We did VSS in our first DC because "easy". Have not hit any bugs, but patching VSS is more involved, and with only one control plane a single configuration error can kill everything. In the process of building two new DCs, and have decided not to use VSS. Also have a side project to figure out how to break VSS and go to independent cores for DC1. Shouldn't be too hard. We were smart enough that the majority of the layer 3 interfaces have HSRP configured.

-Otanx

mlan

@dlots - I have seen this once myself, but the team did not have any split-brain detection configured.  Any idea what type of dual-active detection they were running for this incident?  I have been suggesting "fast-hello" for the VSS deployments in my environment.

Also, do you happen to know the bug ID?

dlots

Sorry no to both.
I wasn't very popular with the network team there, and don't talk to them much at all.

wintermute000

Shared blast radius. I'm not a fan in a DC scenario. For campus where you can usually bring it down on a Sunday etc different story

icecream-guy

:professorcat:

My Moral Fibers have been cut.

SimonV

So what's the opinion on stacking vs standalone core switches then?

I'm not a DC guy, doing mostly office and warehouse networks and I almost always install two separate L3 switches with RSTP and fast HSRP timers. Two-link etherchannels to both cores and load-balancing the VLANs by modifying STP cost.

I don't mind stacking in the access layer but I always get the feeling that it's too much of a risk in the core.

icecream-guy

Quote from: SimonV on March 15, 2017, 09:29:39 AM
So what's the opinion on stacking vs standalone core switches then?
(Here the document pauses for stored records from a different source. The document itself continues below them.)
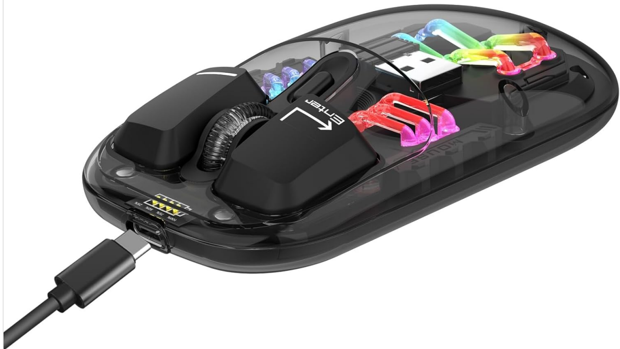
Image: The mouse highlighting its dual-mode connectivity options.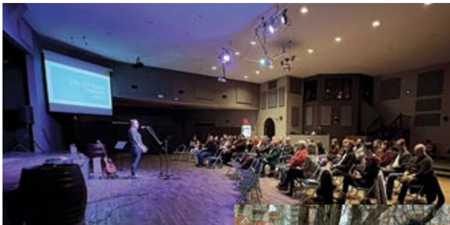
Valley Road Church.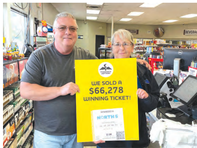
Northdale Oil, Bemidji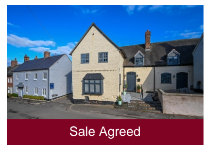
7 Bull Ring, Claverley, Wolverhampton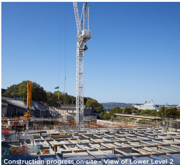
Construction progress on site - View of Lower Level 2

Construction works by Richard Crookes Constructions (RCC) over recent months have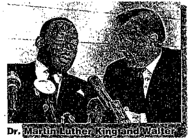
Dr. Martin Luther King and Walter Reuther during the 1963 civil rights rally in Detroit.

Gus Scholle sued in court to have the system of creating legislative districts declared unconstitutional. In 1969 the U.S. Supreme Court ruled in his favor. The resulting change in the make up of the state legislature brought passage of many progressive laws in the '60s. (See Tom Down's article in this edition of the News for details).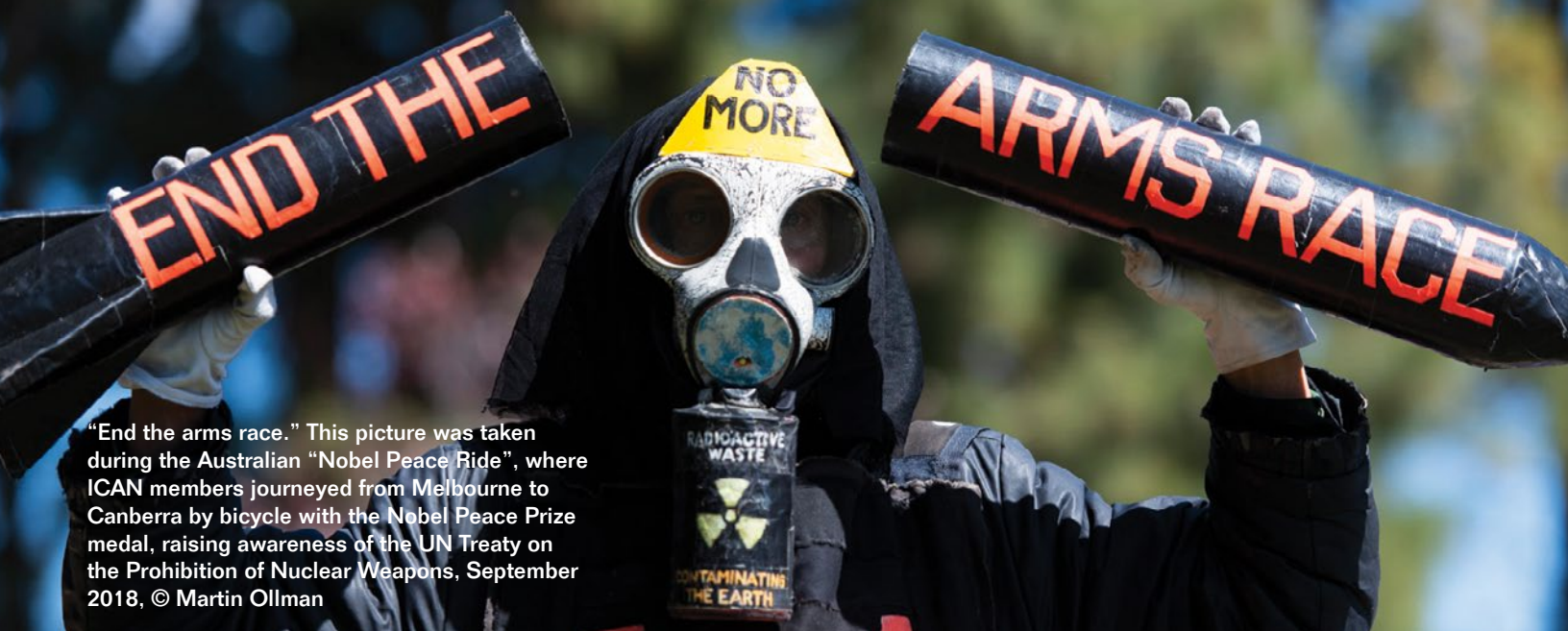
"End the arms race." This picture was taken during the Australian "Nobel Peace Ride", where ICAN members journeyed from Melbourne to Canberra by bicycle with the Nobel Peace Prize medal, raising awareness of the UN Treaty on the Prohibition of Nuclear Weapons, September 2018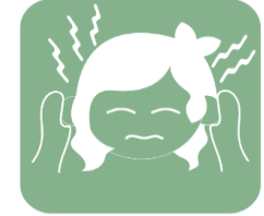
Noise in this area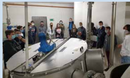
HILLER trainees at excursion!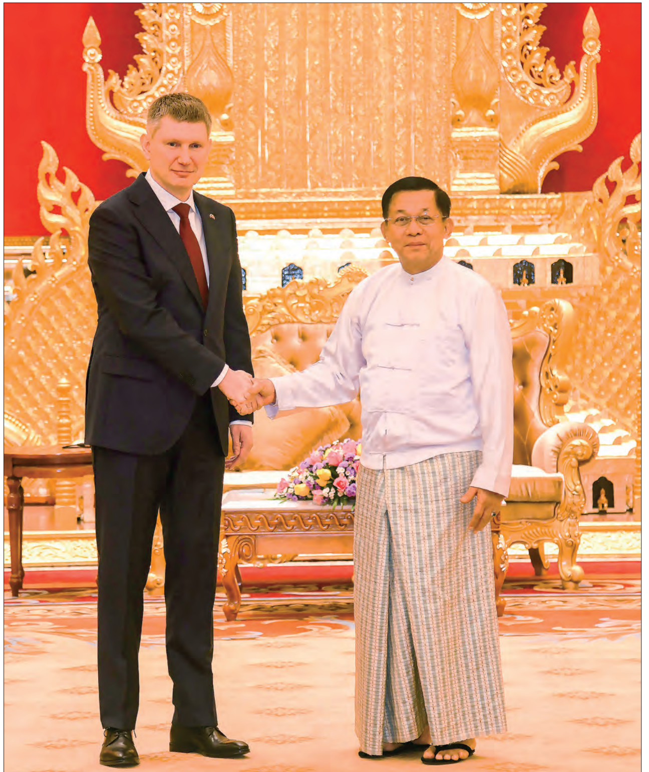
State Administration Council Chairman Prime Minister Senior General Min Aung Hlaing shakes hands with Mr Maxim Reshetnikov, Minister of Economic Development of the Russian Federation, during the latter's courtesy call yesterday.

I'm not a DC guy, doing mostly office and warehouse networks and I almost always install two separate L3 switches with RSTP and fast HSRP timers. Two-link etherchannels to both cores and load-balancing the VLANs by modifying STP cost.

I don't mind stacking in the access layer but I always get the feeling that it's too much of a risk in the core.

so who are you asking?  the network engineer that has to support, or the Cisco Engineer/sales guy?

from a nework engineer it's a PITA to support, upgrading, failed modules, failover, chassis have to be identical configs/. modules and such

if you are in a DC, use Nexus and build VPC's. In a campus environment, it's a nice core with all your access switches dual homed  to the VSS with MEC.
:professorcat:

My Moral Fibers have been cut.

mlan

Quote from: ristau5741 on March 15, 2017, 10:43:44 AM
In a campus environment, it's a nice core with all your access switches dual homed  to the VSS with MEC.

This is how I'm feeling about the topic.

Otanx

I am not a fan of stacking anywhere. I hit too many issues with stacking when it was new. I understand the idea of managing one config vs multiple, but once you automate all of that you don't care how many devices are being managed.

-Otanx

wintermute000

Maintenance. Cheaper than separate devices

mlan

Quote from: wintermute000 on March 15, 2017, 05:54:22 PM
Maintenance. Cheaper than separate devices

Also, the cost of stack modules/cables is sometimes less expensive than using separate optics and patch cables to aggregate access switches.  That might not be true for every vendor though.  Just playing devil's advocate here.  I enjoy these types of pros/cons discussions, and I usually learn something I didn't know/didn't think of. ;)

wintermute000

I trust stacking. I somewhat don't trust VSS.

Campus yes, dist yes, DC or massive/super-critical campus core no.